So basically you just dropped off 5 kilos of cocaine?


----------



## chi1cabby (May 28, 2014)

You can do package delivery requests. Just make sure that you are not being used as a drug mule.


----------



## UberTaxPro (Oct 3, 2014)

Larry-AMS said:


> As an UBER driver, am I allowed to accept just a package to be delivered from one address to another? I have read the thread about the Amazon Prime packages, but still don't think UBER officially allows this. Who can answer this question? My support email has gone unanswered for 74 hours and counting...

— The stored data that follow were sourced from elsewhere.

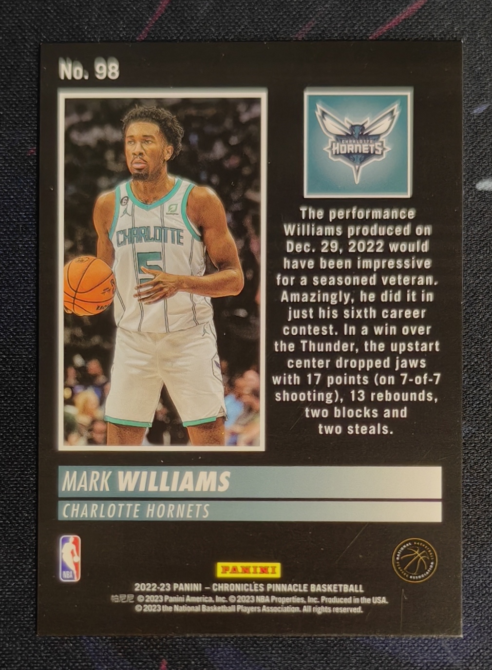 2022-23 Panini Pinnacle Mark Williams RC 黄蜂 太阳 新秀RC 马克威廉姆斯 巅峰8编 黑风车折射 潜力新星(爱妈拍卖)可累计 免费代拍 瑕疵看图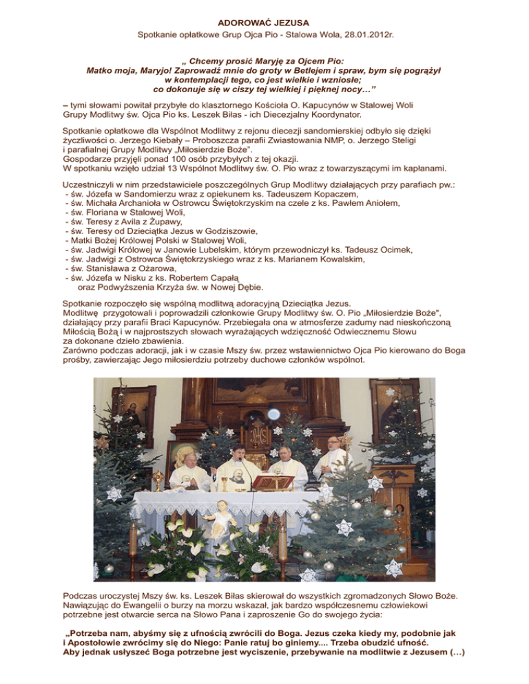 ADOROWAĆ JEZUSA Spotkanie opłatkowe Grup Ojca Pio - Stalowa Wola, 28.01.2012r. „ Chcemy prosić Maryję za Ojcem Pio: Matko moja, Maryjo! Zaprowadź mnie do groty w Betlejem i spraw, bym się pogrążył w kontemplacji tego, co jest wielkie i wzniosłe; co dokonuje się w ciszy tej wielkiej i pięknej nocy…” – tymi słowami powitał przybyłe do klasztornego Kościoła O. Kapucynów w Stalowej Woli Grupy Modlitwy św. Ojca Pio ks. Leszek Biłas - ich Diecezjalny Koordynator. Spotkanie opłatkowe dla Wspólnot Modlitwy z rejonu diecezji sandomierskiej odbyło się dzięki życzliwości o. Jerzego Kiebały – Proboszcza parafii Zwiastowania NMP, o. Jerzego Steligi i parafialnej Grupy Modlitwy „Miłosierdzie Boże”. Gospodarze przyjęli ponad 100 osób przybyłych z tej okazji. W spotkaniu wzięło udział 13 Wspólnot Modlitwy św. O. Pio wraz z towarzyszącymi im kapłanami. Uczestniczyli w nim przedstawiciele poszczególnych Grup Modlitwy działających przy parafiach pw.: - św. Józefa w Sandomierzu wraz z opiekunem ks. Tadeuszem Kopaczem, - św. Michała Archanioła w Ostrowcu Świętokrzyskim na czele z ks. Pawłem Aniołem, - św. Floriana w Stalowej Woli, - św. Teresy z Avila z Żupawy, - św. Teresy od Dzieciątka Jezus w Godziszowie, - Matki Bożej Królowej Polski w Stalowej Woli, - św. Jadwigi Królowej w Janowie Lubelskim, którym przewodniczył ks. Tadeusz Ocimek, - św. Jadwigi z Ostrowca Świętokrzyskiego wraz z ks. Marianem Kowalskim, - św. Stanisława z Ożarowa, - św. Józefa w Nisku z ks. Robertem Capałą oraz Podwyższenia Krzyża św. w Nowej Dębie. Spotkanie rozpoczęło się wspólną modlitwą adoracyjną Dzieciątka Jezus. Modlitwę przygotowali i poprowadzili członkowie Grupy Modlitwy św. O. Pio „Miłosierdzie Boże", działający przy parafii Braci Kapucynów. Przebiegała ona w atmosferze zadumy nad nieskończoną Miłością Bożą i w najprostszych słowach wyrażających wdzięczność Odwiecznemu Słowu za dokonane dzieło zbawienia. Zarówno podczas adoracji, jak i w czasie Mszy św. przez wstawiennictwo Ojca Pio kierowano do Boga prośby, zawierzając Jego miłosierdziu potrzeby duchowe członków wspólnot. Podczas uroczystej Mszy św. ks. Leszek Biłas skierował do wszystkich zgromadzonych Słowo Boże. Nawiązując do Ewangelii o burzy na morzu wskazał, jak bardzo współczesnemu człowiekowi potrzebne jest otwarcie serca na Słowo Pana i zaproszenie Go do swojego życia: „Potrzeba nam, abyśmy się z ufnością zwrócili do Boga. Jezus czeka kiedy my, podobnie jak i Apostołowie zwrócimy się do Niego: Panie ratuj bo giniemy.... Trzeba obudzić ufność. Aby jednak usłyszeć Boga potrzebne jest wyciszenie, przebywanie na modlitwie z Jezusem (…) Św. O. Pio uczył nas, abyśmy byli zadowoleni w życiu duchowym nawet z małych kroków, ale nigdy nie ustawali w drodze do świętości…” – dodał na zakończenie. Po Mszy świętej wszyscy przeszli do Sali Jana Pawła II, gdzie podzielono się opłatkiem, wspólnie kolędowano i wymieniano doświadczenia. Całość spotkania uświetnił chór z parafii św. Teresy od Dzieciątka Jezus z Godziszowa. Poinformowano także o kolejnych spotkaniach formacyjnych, rekolekcjach wielkopostnych i organizowanej w kwietniu pielgrzymce do miejsc świętych we Włoszech. Na zakończenie ks. Paweł Anioł wręczając uczestnikom pamiątkowe kalendarze zapoznał zebranych z działalnością Hospicjum „Dom Ulgi w Cierpieniu Jana Pawła II” utworzonym w Ostrowcu Świętokrzyskim. Wioletta Sibiga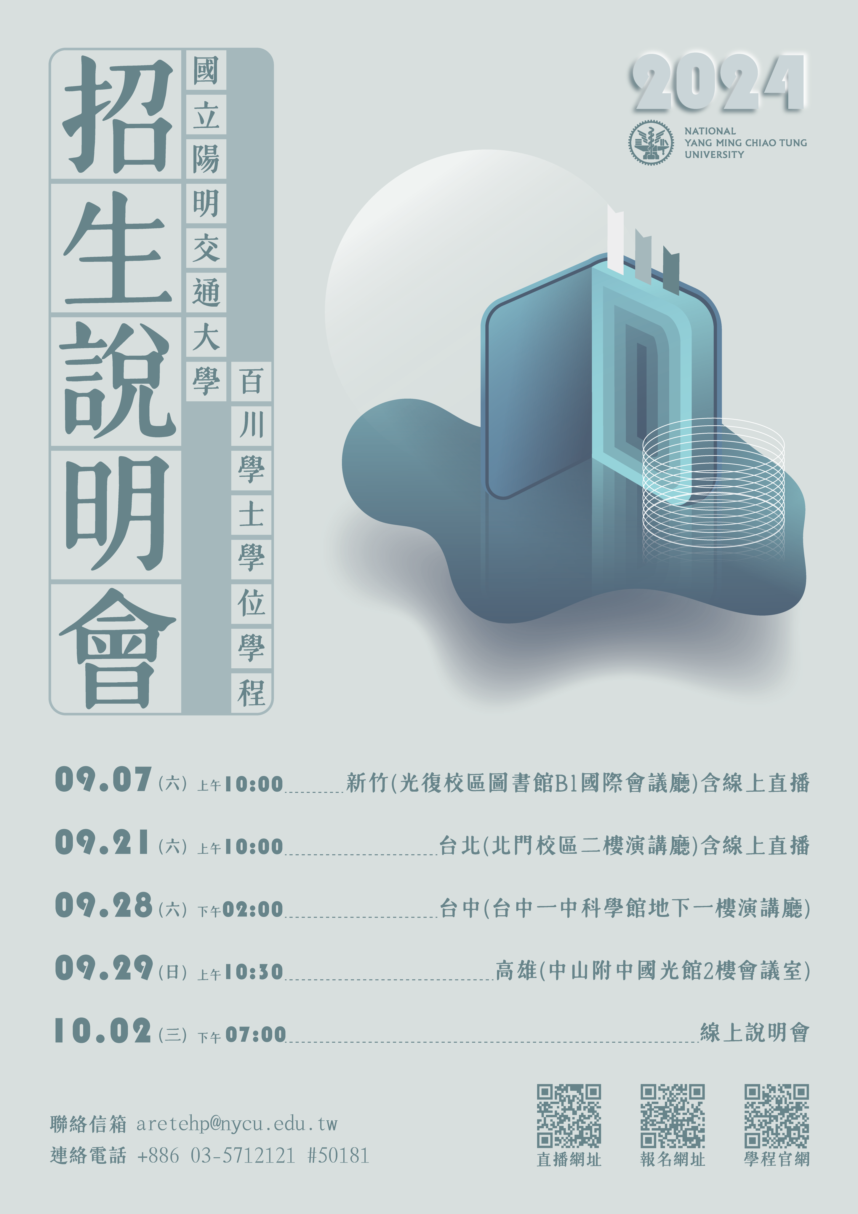 五、活動報名資訊請連結百川學程網站(網址:https://aretehp.nycu.edu.tw/)。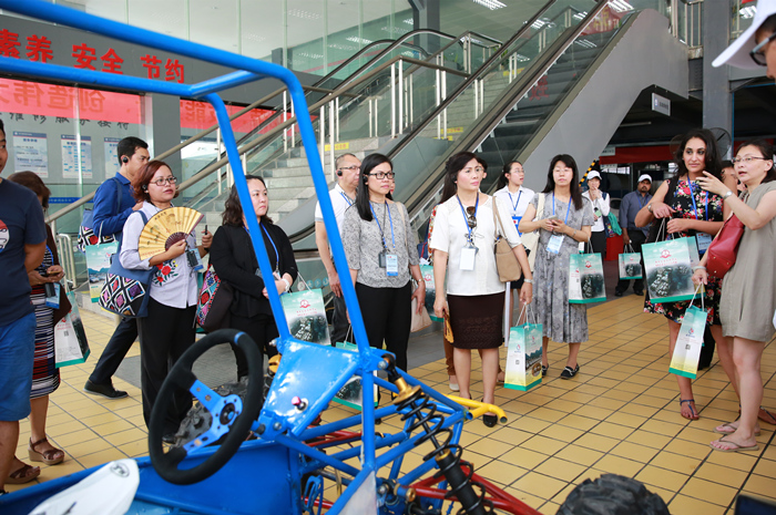 考察团成员观摩学院学生自主设计制作的巴哈赛车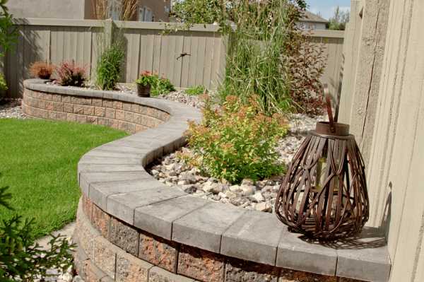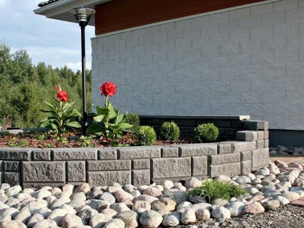 Еще одним вариантом оформления цветника из камня является приподнятая клумба, расположенная над землей на уровне от 0,3 до 1,5 метров. Поскольку каменные стенки такой клумбы имеют большой вес, то обязательно делается прочное основание или фундамент под них.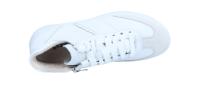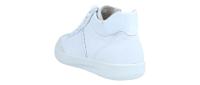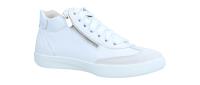 Der knöchelhohe Sneaker SILENCE von Legero kommt im modischen Retro-Look. Die charakeristisch mittig hochgezogene Vorderkappe ist aus hellgrauem Veloursleder, der Rest aus weißem Glattleder. Die Sohle ist dezent und schlank gehalten.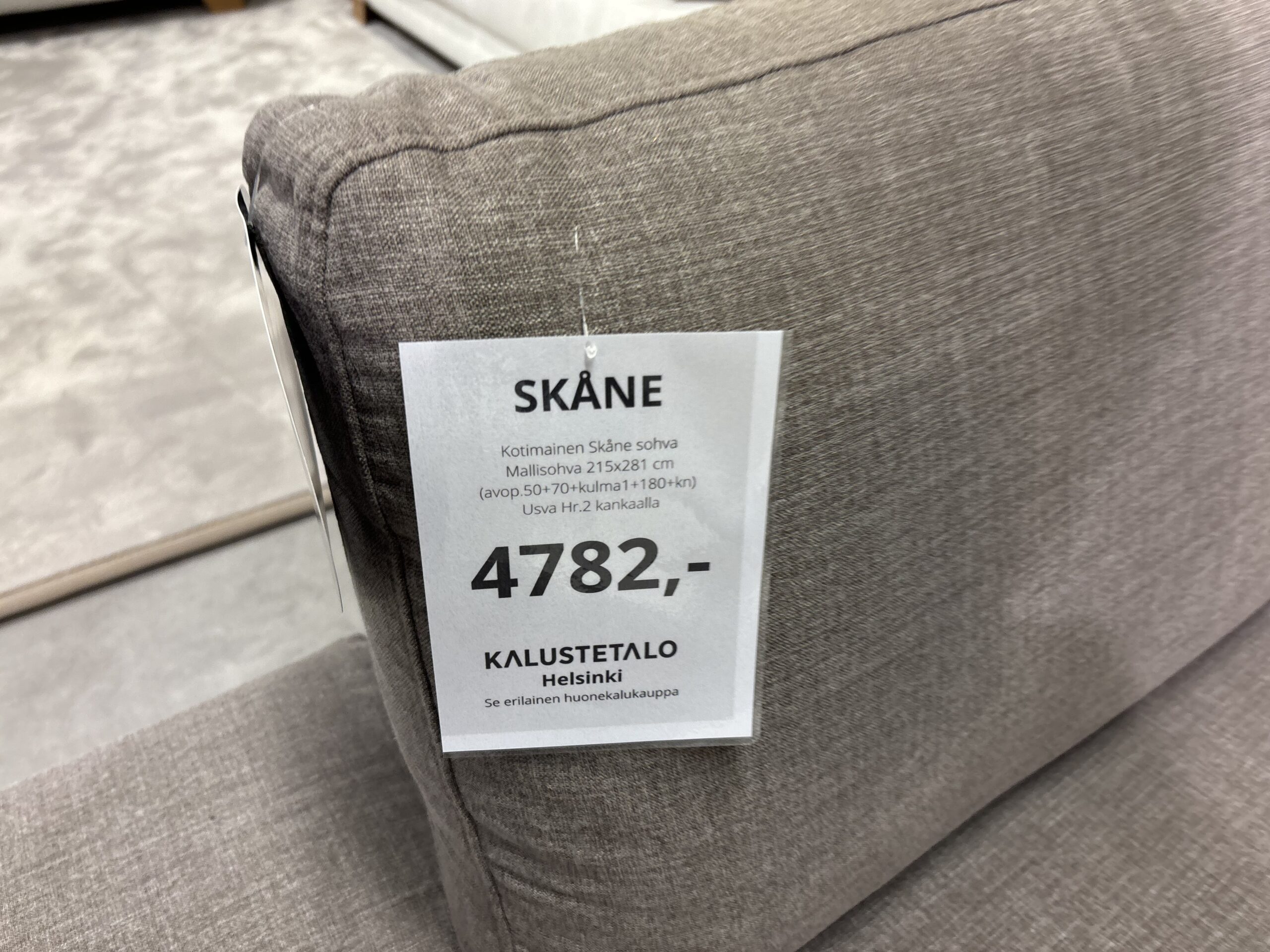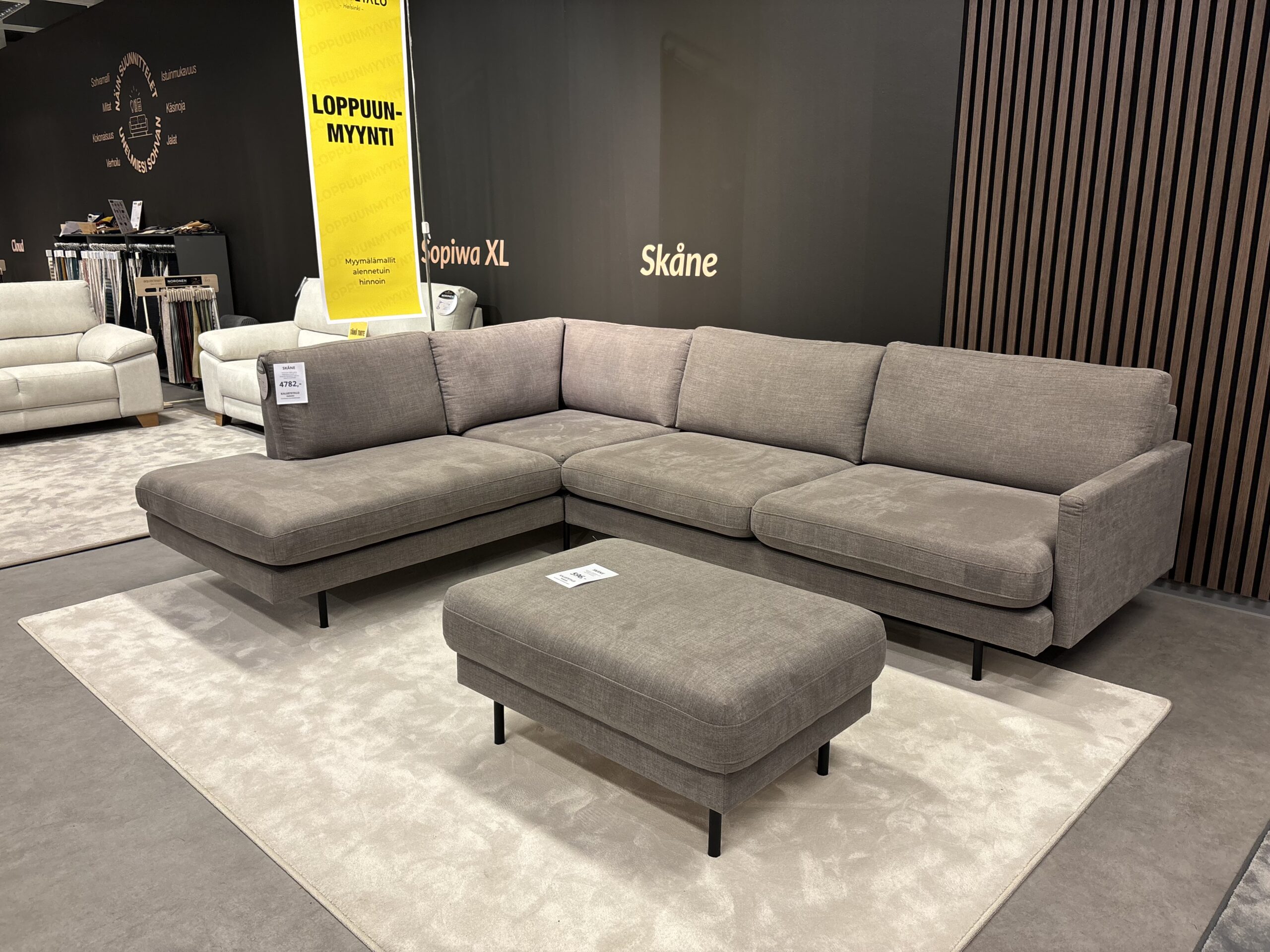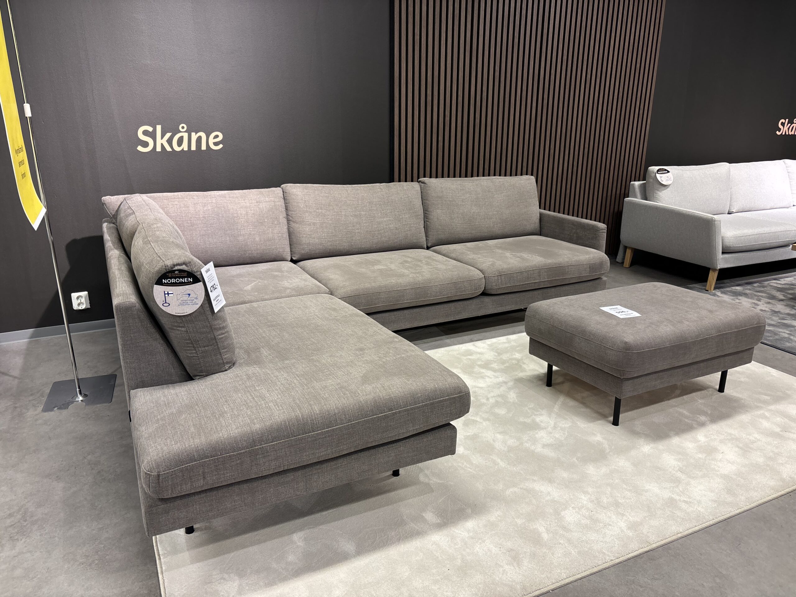 Kotimainen Skåne avokulmasohva myymälämalli verhoiltuna Usva kankaalla.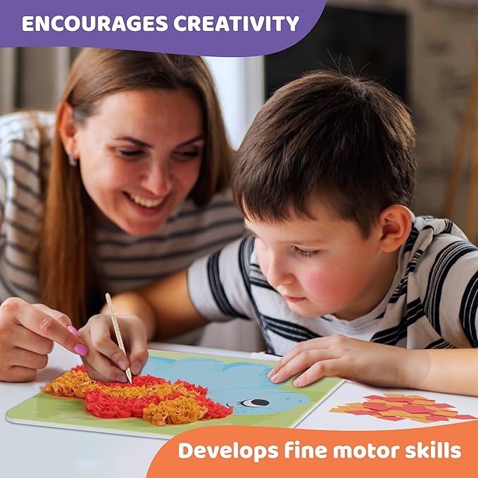 - EDUCATIONAL AND SKILL-BUILDING: While crafting, children develop key skills such as creative thinking, pincer grasp, hand-eye coordination, and visual perception, all while having fun.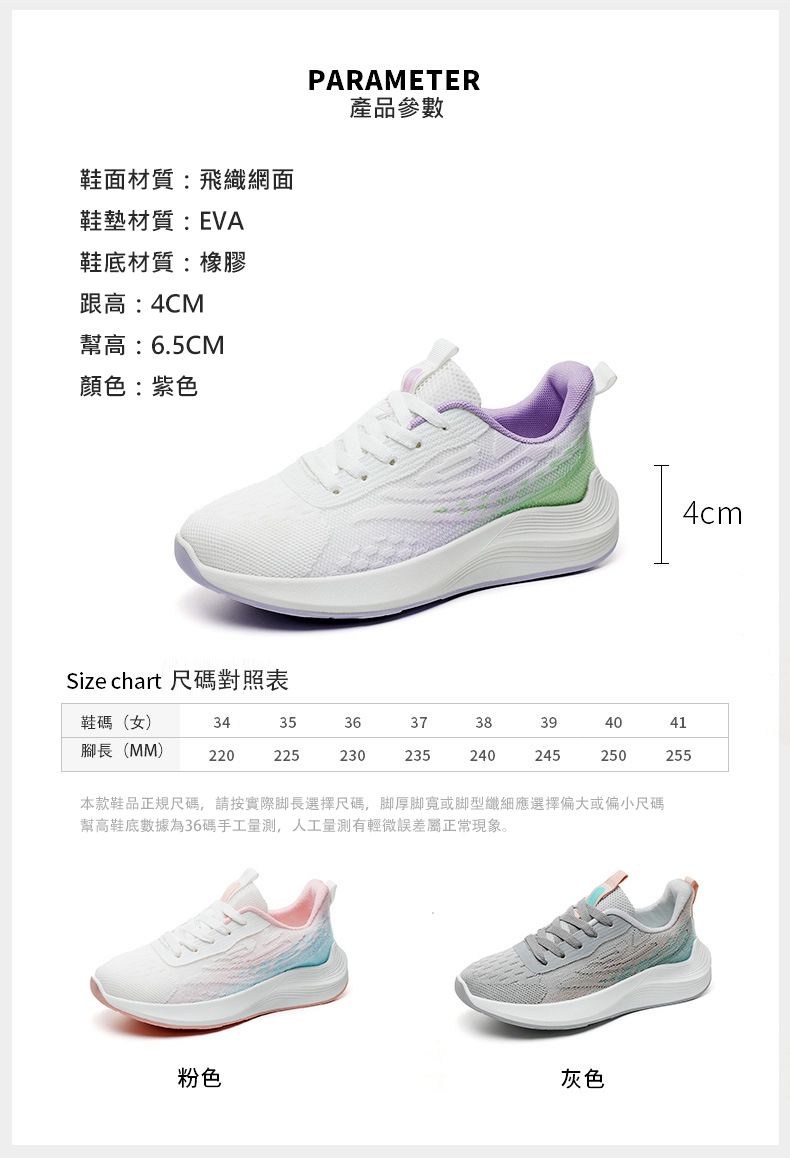 【朋友們都在買!】厚底增高透氣新款女鞋【灰色】+【紫色】各一雙(優惠400)

I would say as an independent contractor you can do whatever you want. Its up to you. I might do it after checking out the specifics. Item would have to be reasonable in size and I would have to know whats in it! Cash would definitely help the decision. Check out all the conditions then decide...never say never...you don't wan't to limit your income. I had a regular trip once a week a few years back bringing a dog to and from NYC and CT for $200 a 50 mile trip. Went twice a week $400 for 100 miles. The dog was very welled behaved and clean. Better then any Uber pax I've ever driven! If I had just said "no I don't take dogs" I would have missed out on a great repeating trip. If it had been a big smelly slobbering St Bernard I would have said no.


----------



## The Kid (Dec 10, 2014)

I've delivered documents a few times. A couple were during 2.1x. One was almost $100, and no PAX. 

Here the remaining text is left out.